··· DATASET SECTION ···
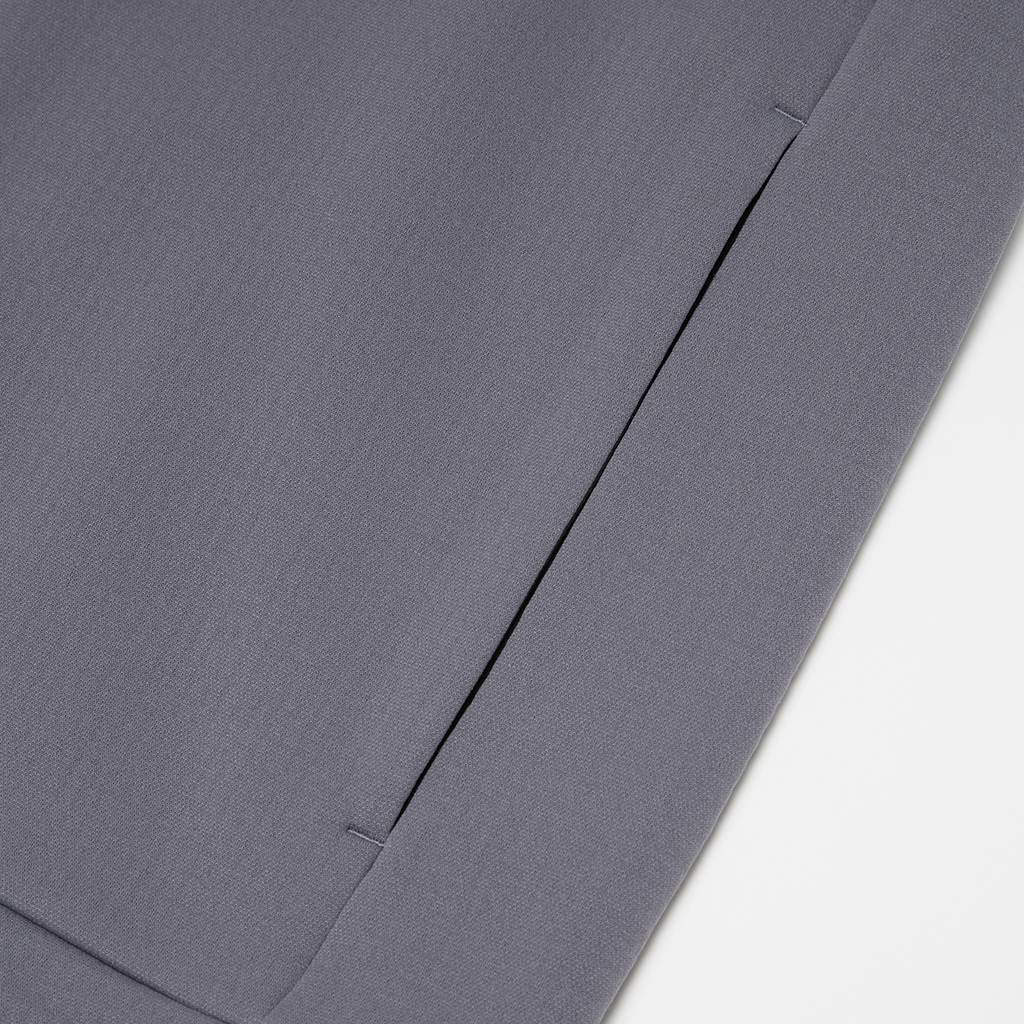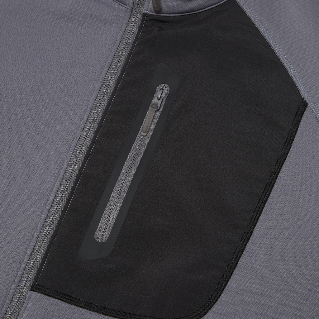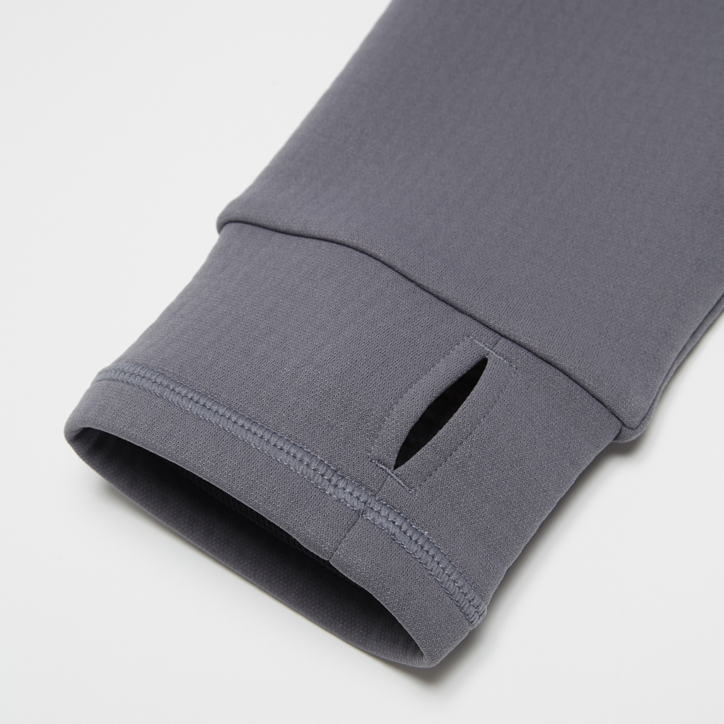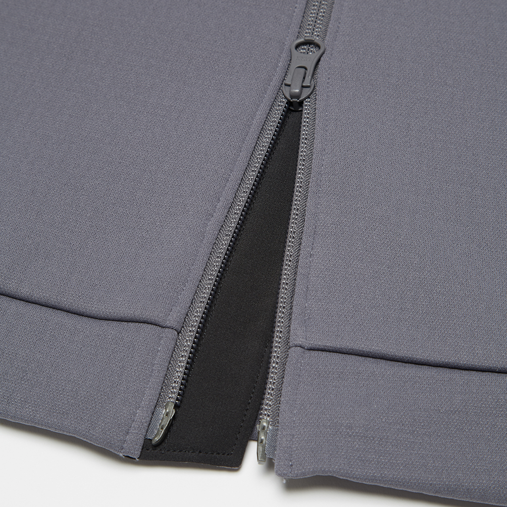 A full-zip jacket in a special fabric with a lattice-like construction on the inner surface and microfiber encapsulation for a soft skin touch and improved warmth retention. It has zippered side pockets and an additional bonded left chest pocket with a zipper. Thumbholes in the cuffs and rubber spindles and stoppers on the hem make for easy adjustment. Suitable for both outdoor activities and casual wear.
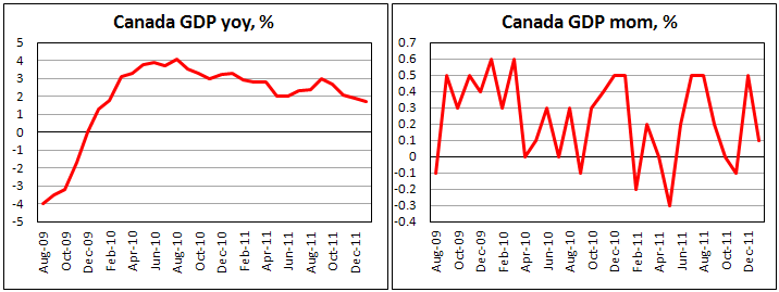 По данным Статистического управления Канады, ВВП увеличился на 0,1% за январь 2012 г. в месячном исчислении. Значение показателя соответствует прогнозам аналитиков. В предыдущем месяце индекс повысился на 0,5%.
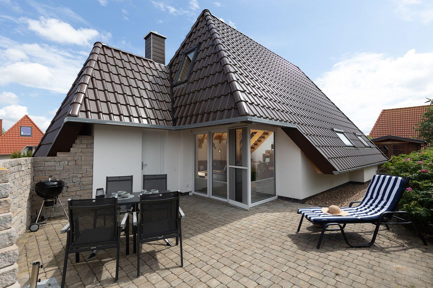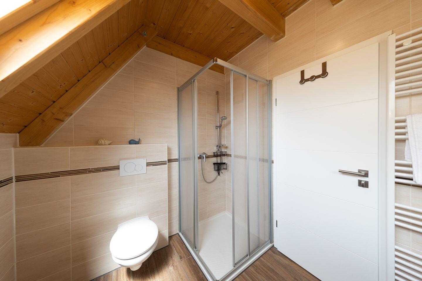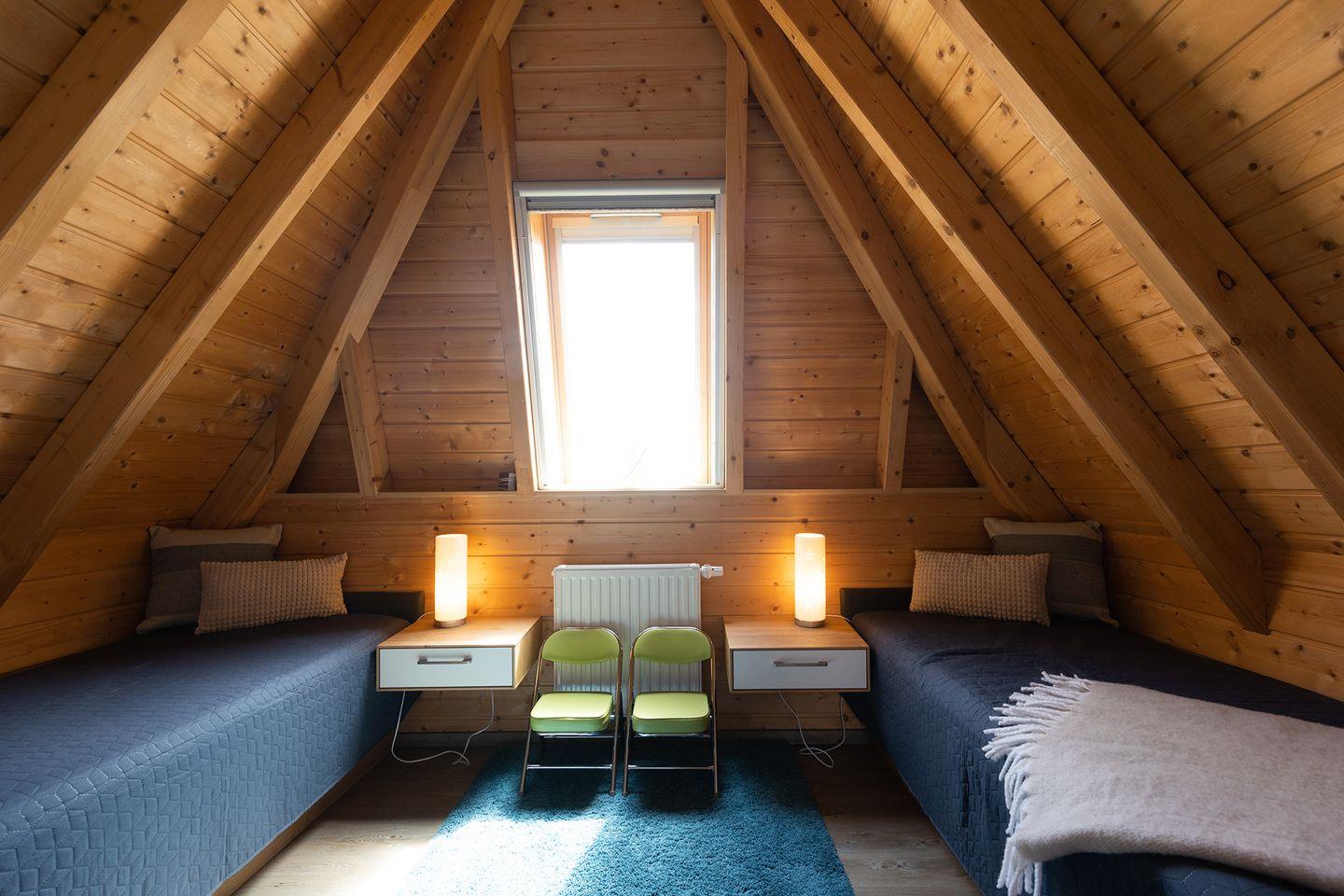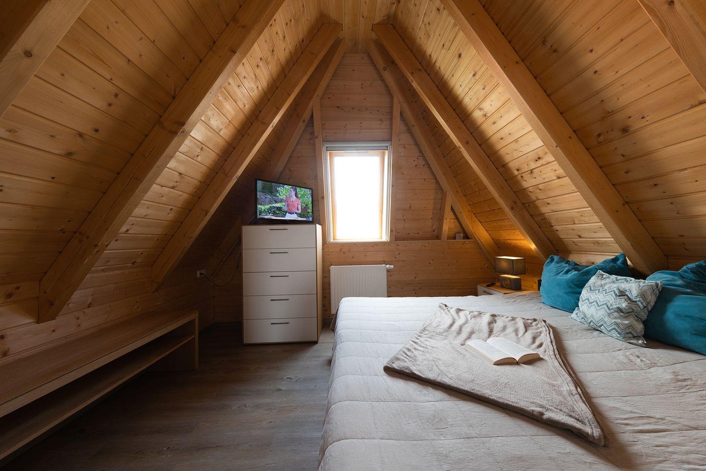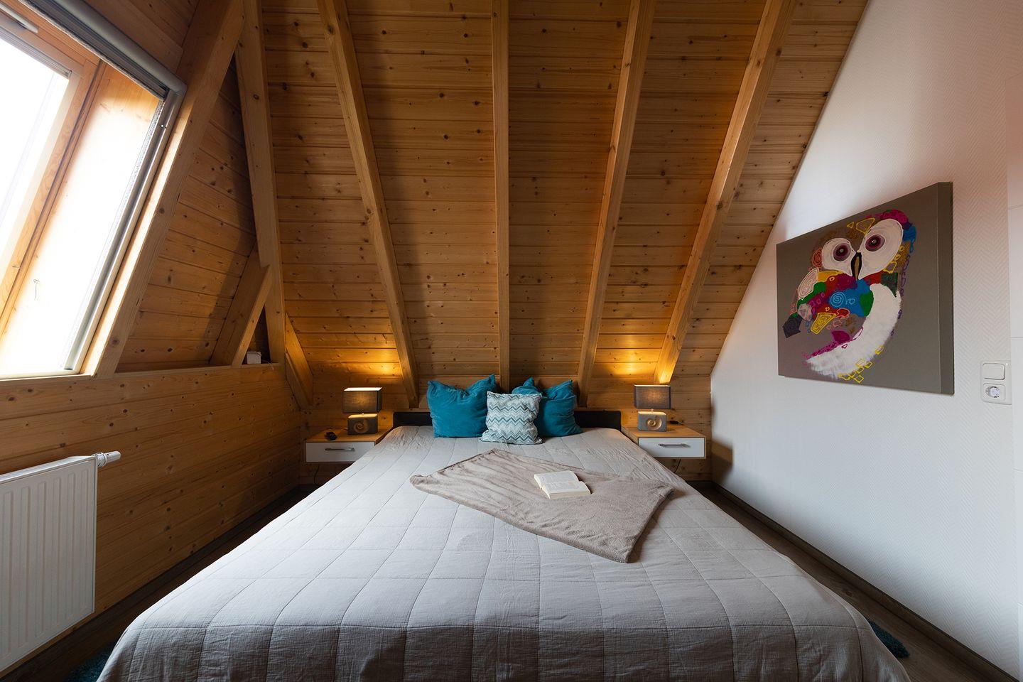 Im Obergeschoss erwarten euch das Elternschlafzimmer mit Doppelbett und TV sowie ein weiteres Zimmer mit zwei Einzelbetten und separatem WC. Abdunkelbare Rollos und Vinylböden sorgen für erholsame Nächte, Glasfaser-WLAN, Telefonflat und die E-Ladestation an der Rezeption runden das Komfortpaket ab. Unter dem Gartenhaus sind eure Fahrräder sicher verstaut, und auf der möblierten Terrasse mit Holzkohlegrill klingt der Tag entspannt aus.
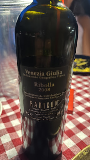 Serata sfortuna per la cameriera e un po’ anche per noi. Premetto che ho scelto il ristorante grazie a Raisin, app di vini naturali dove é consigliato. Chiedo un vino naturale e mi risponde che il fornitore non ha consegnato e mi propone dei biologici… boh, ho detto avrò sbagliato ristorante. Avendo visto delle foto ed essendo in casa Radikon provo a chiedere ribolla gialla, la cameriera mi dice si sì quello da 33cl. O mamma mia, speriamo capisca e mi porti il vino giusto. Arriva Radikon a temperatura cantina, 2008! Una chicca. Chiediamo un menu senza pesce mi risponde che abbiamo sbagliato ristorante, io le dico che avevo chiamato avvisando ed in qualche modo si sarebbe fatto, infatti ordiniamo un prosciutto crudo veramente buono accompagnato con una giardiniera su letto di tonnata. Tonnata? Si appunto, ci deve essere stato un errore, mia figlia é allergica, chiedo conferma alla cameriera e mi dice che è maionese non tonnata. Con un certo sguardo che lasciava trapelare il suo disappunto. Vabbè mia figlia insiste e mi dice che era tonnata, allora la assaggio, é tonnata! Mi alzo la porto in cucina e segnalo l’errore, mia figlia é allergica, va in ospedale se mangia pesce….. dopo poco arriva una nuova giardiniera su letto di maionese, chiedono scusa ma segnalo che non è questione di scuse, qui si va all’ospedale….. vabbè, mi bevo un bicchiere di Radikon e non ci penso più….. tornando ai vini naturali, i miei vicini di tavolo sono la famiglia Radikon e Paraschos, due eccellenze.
···
Leaving out all pictures, transcribe the listing exactly.

■ **RESPONSE TO THE TASK**:
 A full-zip jacket in a special fabric with a lattice-like construction on the inner surface and microfiber encapsulation for a soft skin touch and improved warmth retention. It has zippered side pockets and an additional bonded left chest pocket with a zipper. Thumbholes in the cuffs and rubber spindles and stoppers on the hem make for easy adjustment. Suitable for both outdoor activities and casual wear.
 По данным Статистического управления Канады, ВВП увеличился на 0,1% за январь 2012 г. в месячном исчислении. Значение показателя соответствует прогнозам аналитиков. В предыдущем месяце индекс повысился на 0,5%.
 Im Obergeschoss erwarten euch das Elternschlafzimmer mit Doppelbett und TV sowie ein weiteres Zimmer mit zwei Einzelbetten und separatem WC. Abdunkelbare Rollos und Vinylböden sorgen für erholsame Nächte, Glasfaser-WLAN, Telefonflat und die E-Ladestation an der Rezeption runden das Komfortpaket ab. Unter dem Gartenhaus sind eure Fahrräder sicher verstaut, und auf der möblierten Terrasse mit Holzkohlegrill klingt der Tag entspannt aus.
 Serata sfortuna per la cameriera e un po’ anche per noi. Premetto che ho scelto il ristorante grazie a Raisin, app di vini naturali dove é consigliato. Chiedo un vino naturale e mi risponde che il fornitore non ha consegnato e mi propone dei biologici… boh, ho detto avrò sbagliato ristorante. Avendo visto delle foto ed essendo in casa Radikon provo a chiedere ribolla gialla, la cameriera mi dice si sì quello da 33cl. O mamma mia, speriamo capisca e mi porti il vino giusto. Arriva Radikon a temperatura cantina, 2008! Una chicca. Chiediamo un menu senza pesce mi risponde che abbiamo sbagliato ristorante, io le dico che avevo chiamato avvisando ed in qualche modo si sarebbe fatto, infatti ordiniamo un prosciutto crudo veramente buono accompagnato con una giardiniera su letto di tonnata. Tonnata? Si appunto, ci deve essere stato un errore, mia figlia é allergica, chiedo conferma alla cameriera e mi dice che è maionese non tonnata. Con un certo sguardo che lasciava trapelare il suo disappunto. Vabbè mia figlia insiste e mi dice che era tonnata, allora la assaggio, é tonnata! Mi alzo la porto in cucina e segnalo l’errore, mia figlia é allergica, va in ospedale se mangia pesce….. dopo poco arriva una nuova giardiniera su letto di maionese, chiedono scusa ma segnalo che non è questione di scuse, qui si va all’ospedale….. vabbè, mi bevo un bicchiere di Radikon e non ci penso più….. tornando ai vini naturali, i miei vicini di tavolo sono la famiglia Radikon e Paraschos, due eccellenze.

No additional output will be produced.